124th New York Regiment
Posted to the Project on 25 Jun 07
Today’s Gettysburg monument is one of my personal favorites on the battlefield: the monument to the 124th New York Infantry.
Located along Sickles Avenue near the “Triangular Field” at the upper part of Devil’s Den, this monument protrays the unit’s commanding officer, Colonel Augustus van Horne Ellis (1827-July 2, 1863). A sea captain with an interesting and varied past, Ellis was killed near where the staute now stands when a bullet slammed into his forehead.

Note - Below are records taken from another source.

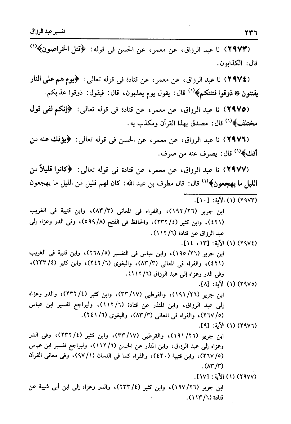 2977 - عَنْ مَعْمَرٍ , عَنْ قَتَادَةَ , فِي قَوْلِهِ تَعَالَى: {كَانُوا قَلِيلًا مِنَ اللَّيْلِ مَا يَهْجَعُونَ} [الذاريات: 17] قَالَ: قَالَ مُطَرِّفُ بْنُ عَبْدِ اللَّهِ: «كَانَ §لَهُمْ قَلِيلٌ مِنَ اللَّيْلِ , مَا يَهْجَعُونَ فِيهِ كَانُوا يُصَلُّونَهُ»
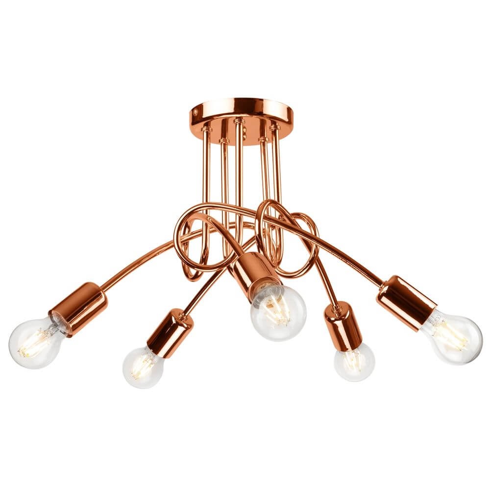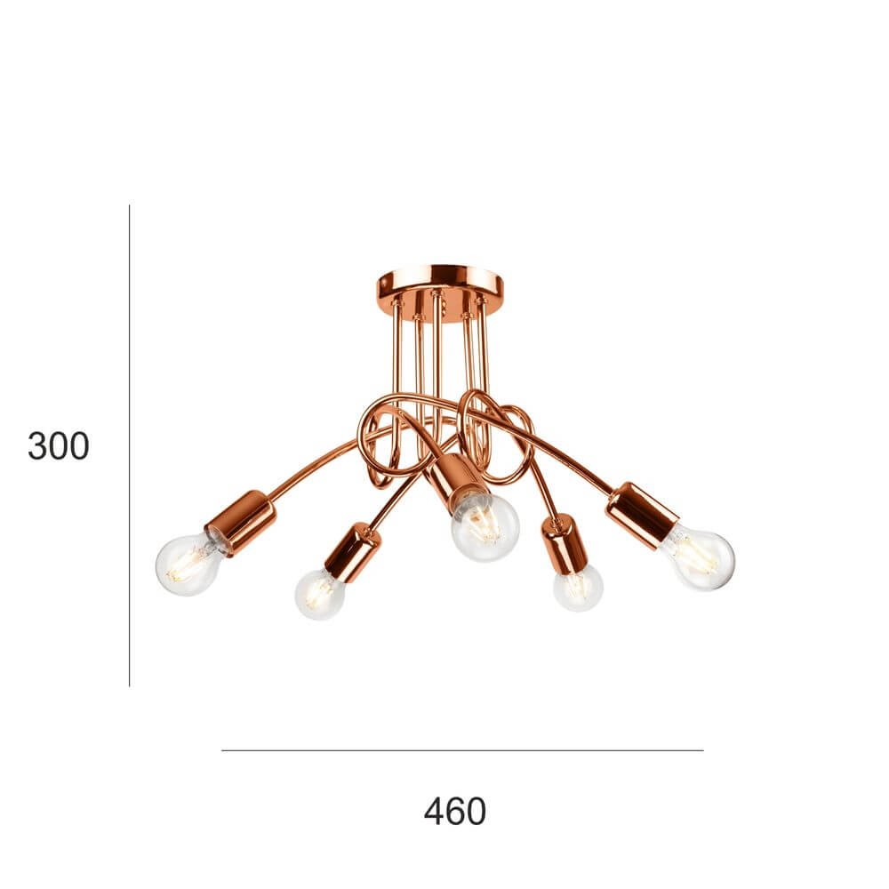 • Hochwertige Deckenleuchte 5x E27 in Kupfer aus Metall.
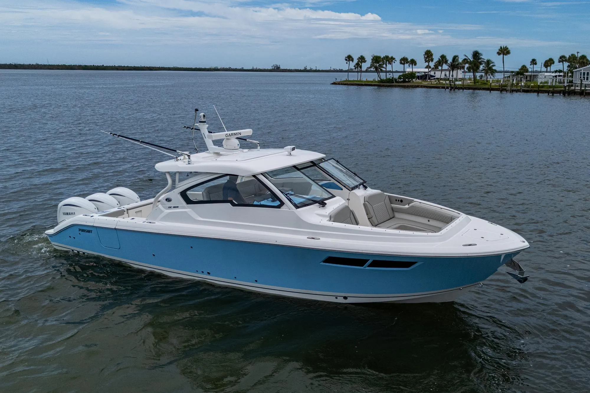 The stylish dual console boat line that has been perfected by Pursuit now includes the DC 365. More comfort, innovation and features have been engineered to bring your sport utility experience to the next level. Forward bow and port side lounge seating, a swivel seat at the helm and patent-pending fold away seating at the transom and under the gunwale give your crew a comfortable place to enjoy whatever type of water activities you choose.
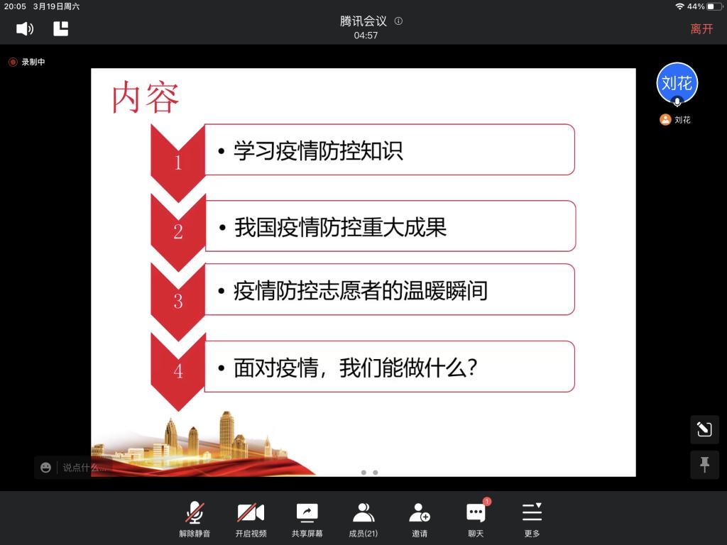 此次活动以调节同学们对待疫情的心态为切入点,结合实例,呼吁同学们正视疫情,积极服从公司的相关防疫安排。同学们积极连麦,主动分享自己在抗疫期间的心得与感受,格外鼓舞了大家对疫情阴霾终将散去、疫情终将被战胜的必胜决心,点燃了同学们积极抗疫的热情,传递了正能量。同学们在班会中更加明确了学习的重要性,即使在网课期间,也要学会合理安排时间,不能放松学习。
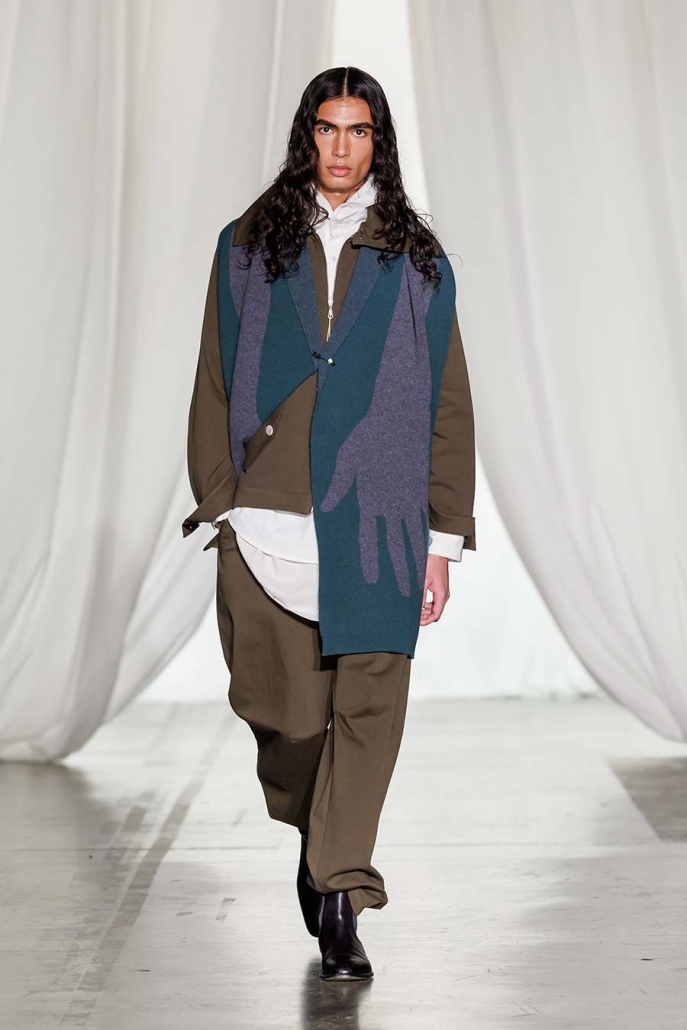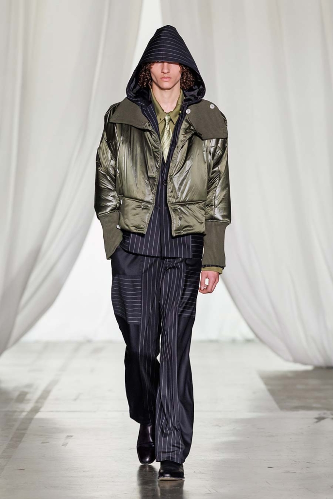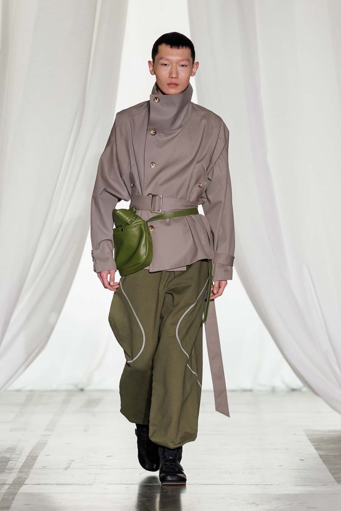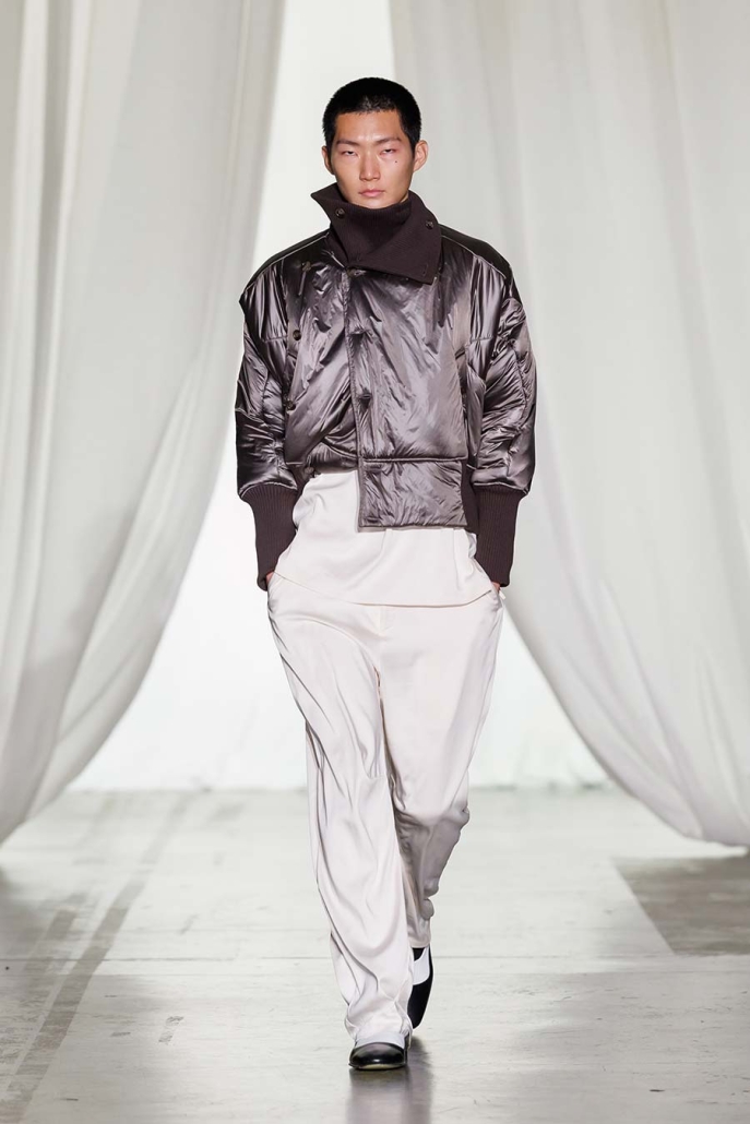 This toying of proportion extends into the brand’s most versatile outerwear offering to date. The collection includes military-inspired drill jackets with transformable collars that can be worn three different ways, cropped trench coats crafted using Nash’s kinetic cutting technique and padded jackets with elongated ribbed knit sleeves and exaggerated hemlines, which are ultra-lightweight thanks to their PRIMALOFT® Gold insulation.
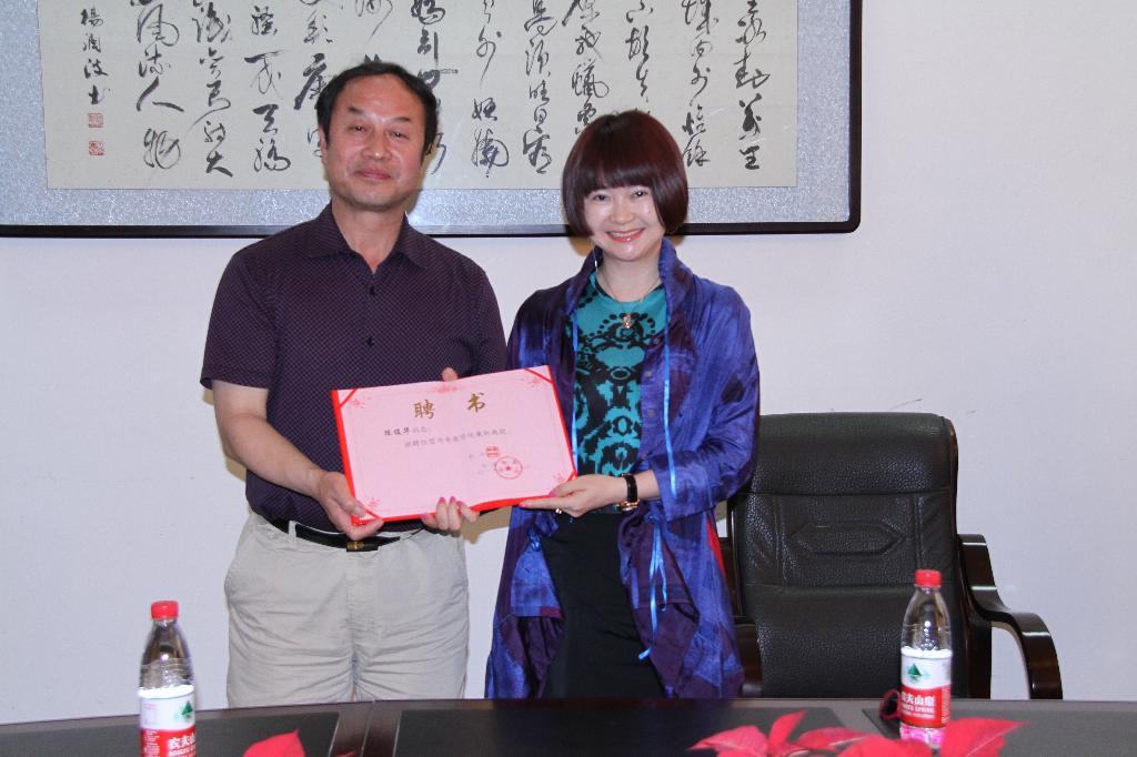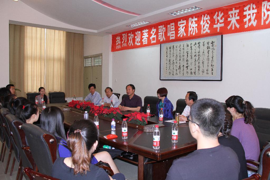 4月27日, 著名歌唱家、国家一级演员陈俊华女士到jdb电子进行交流访问并受聘为我系客座教授,受聘仪式在西校区8号楼会议室举行。院长王兴林,人事处长罗文谦,教务处长、艺术系主任单福东,艺术系党总支书记冯丰收及艺术系音乐教研室全体教师参加了受聘仪式。仪式由单福东主持,院长王兴林教授为陈俊华女士颁发了客座教授聘书。单福东代表全系师生热烈欢迎陈俊华女士的加盟,希望陈俊华女士利用其宝贵的人脉资源,把国内外更多的名家大师请到jdb电子,促进jdb电子音乐专业不断发展,提高艺术人才培养质量。随后陈俊华女士与艺术系音乐教研室教师进行了座谈交流,将自己的艺术经历与大家一起分享,并即兴演唱了汉剧作品《汉江游女》。
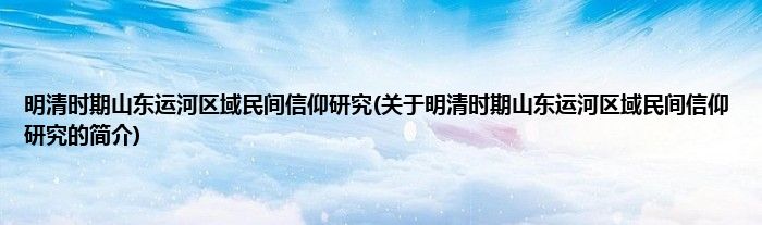 本文关于明清时期山东运河区域民间信仰研究的简介就讲解完毕,希望对大家有所帮助。
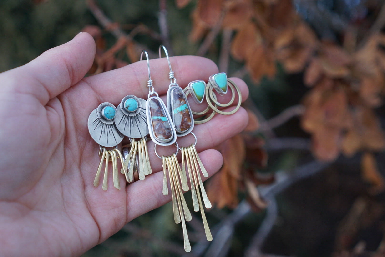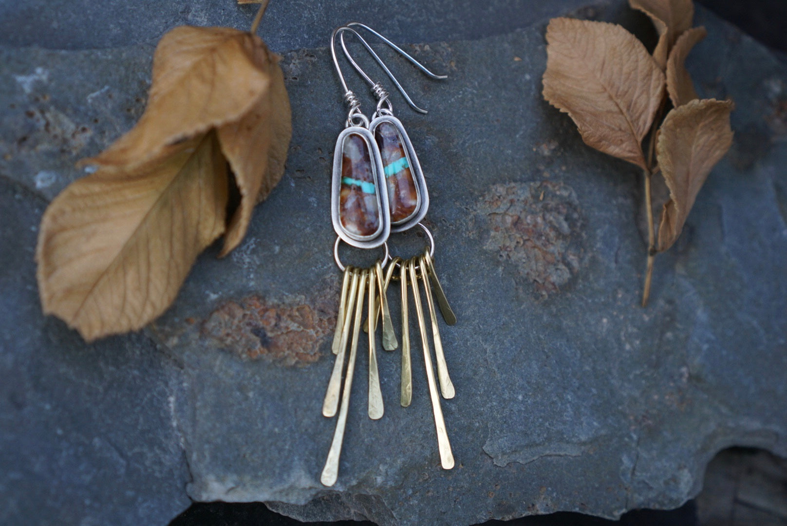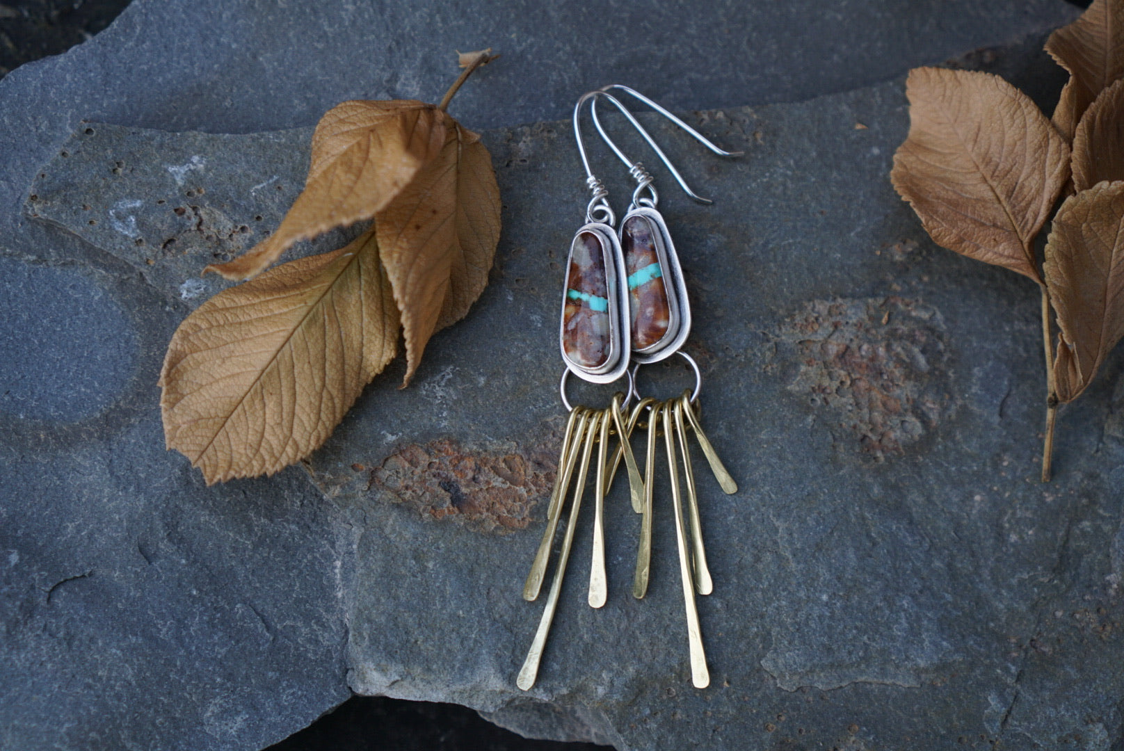 These earrings are a two in one. Simple earrings with beautiful Royston Ribbon turquoise stones that have accompanying detachable brass fringe dangles.. The pieces can be worn together for a statement earring, or apart for a simple everyday earring set. Earrings hang from handmade sterling silver earwires and are oxidized and polished for a soft rustic look. Earrings measure just over 3.5 inches in length with the fringe and 1.75 without.
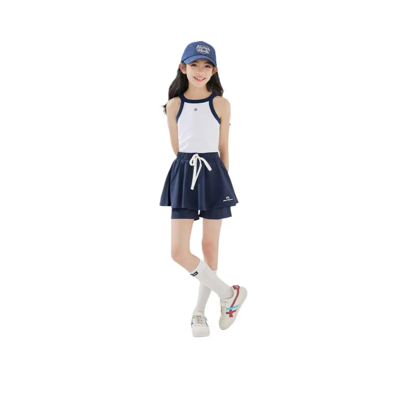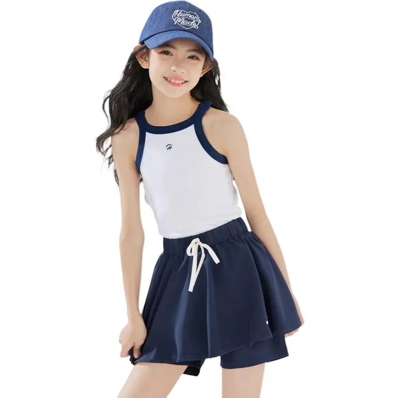 HANHANXIANG 19136 Белый + 18566 Темно-синий Школьный комплект с юбкой
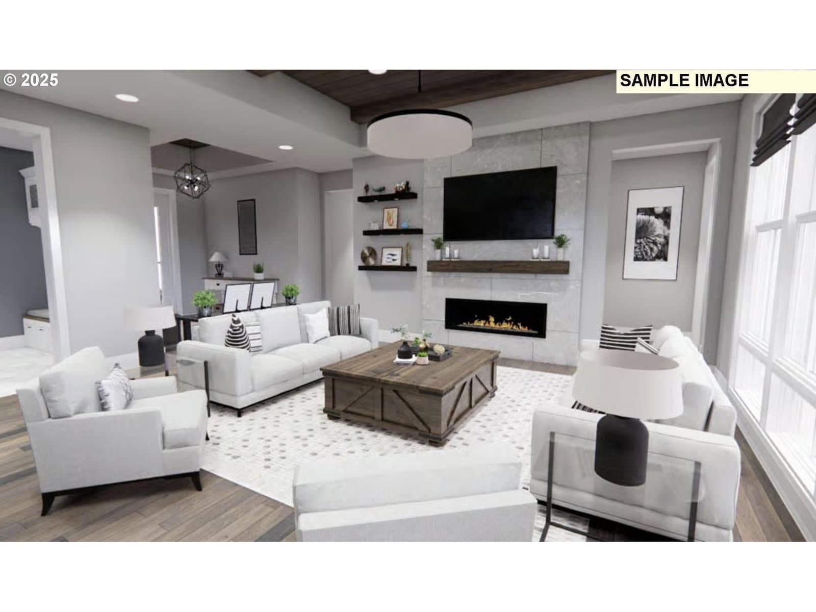 Modern Farmhouse Elegance with one-level Convenience Discover 1,952 square feet of thoughtfully designed heated living space in this New American farmhouse. A striking exterior blend of stone, timber, and steel sets a contemporary yet rustic tone before you even step inside.Open Concept Living: An elegant foyer leads immediately into an expansive great room, where a cozy fireplace serves as the warm focal point of the home.Chef’s Kitchen: Designed for function and flow, the kitchen features a 4-foot deep island with seating for four—ideal for prep work and conversation. A walk-in pantry and extensive cabinetry ensure ample storage.Private Retreats: The master suite is a true sanctuary, complete with a dedicated sitting area, private bath, and a generous walk-in closet. Two additional bedrooms feature linear closets and share a convenient hall bath.Outdoor Living: Extend your entertaining space outdoors on the 10-foot deep covered rear porch, perfect for relaxing in the fresh air.
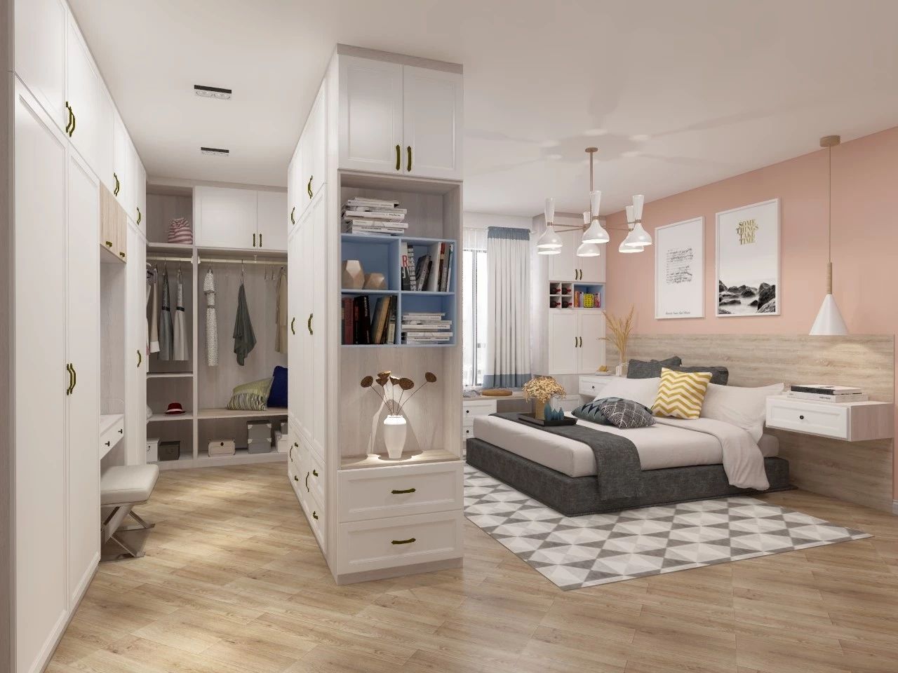没有多余的独立空间,那就把衣帽间放在卧室里。只要利用卧室的一面空墙,就可以打造一个开放式衣帽间。
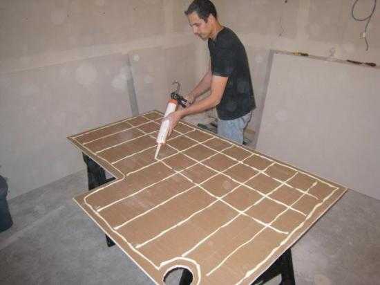 - Перед фиксацией листыустанавливают на подкладки толщиной 15 мм, которые после высыхания раствора вынимают. Образовавшиеся зазоры заполняют силиконовым герметиком.
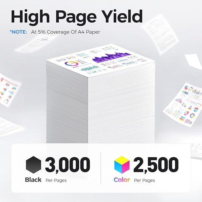 - High-Yield: up to 3,000 pages per C230 C235 Black and pages per 2,500 Color (Total 10,500 pages, 5% coverage).
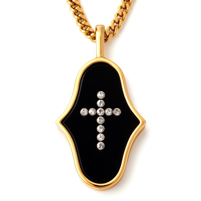 Der Anhänger hat einen goldgefassten Onyxstein von einer Seite und auf der anderen Seite eine Kunststoffhülle auf der von innen ein Kreuz aus Zirkonia geklebt ist.

The regiment itself was nicknamed “The Orange Blossoms” because they were recruited in Orange County. There were 279 men in the regiment at Gettysburg.
Interestingly, the full-length portrait staute of Colonel Ellis is the only such staute of a regimental commander at Gettysburg. This also was the first New York regimental monument on the battlefield.
Grateful citizens of Orange County raised most of the funds to erect the monument. Consisting of granite and bronze, it was dedicated on July 2, 1884. According to Frederick Hawthorne’s book on Gettysburg monuments, the memorial cost $2,714.00.
The monument has a total height of just over 16′ with Ellis standing at a larger-than-life height of 7.’ The staute depicts the colonel with his arms folded, cool and calm in the face of a hail of bullets.
The unit also has a marker located on Cemetery Ridge along Pleasanton Avenue.
124th New York Infantry “Orange Blossoms”
Members of the 3rd Corps, 1st Division, 2nd Brigade
Commanded by Colonel A.V.H. Ellis (1827-1863)
Engaged 279; 28 killed, 57 wounded, 5 missing
Monument: Sickles Avenue, above the Devil’s Den. Marker on Pleasanton Avenue.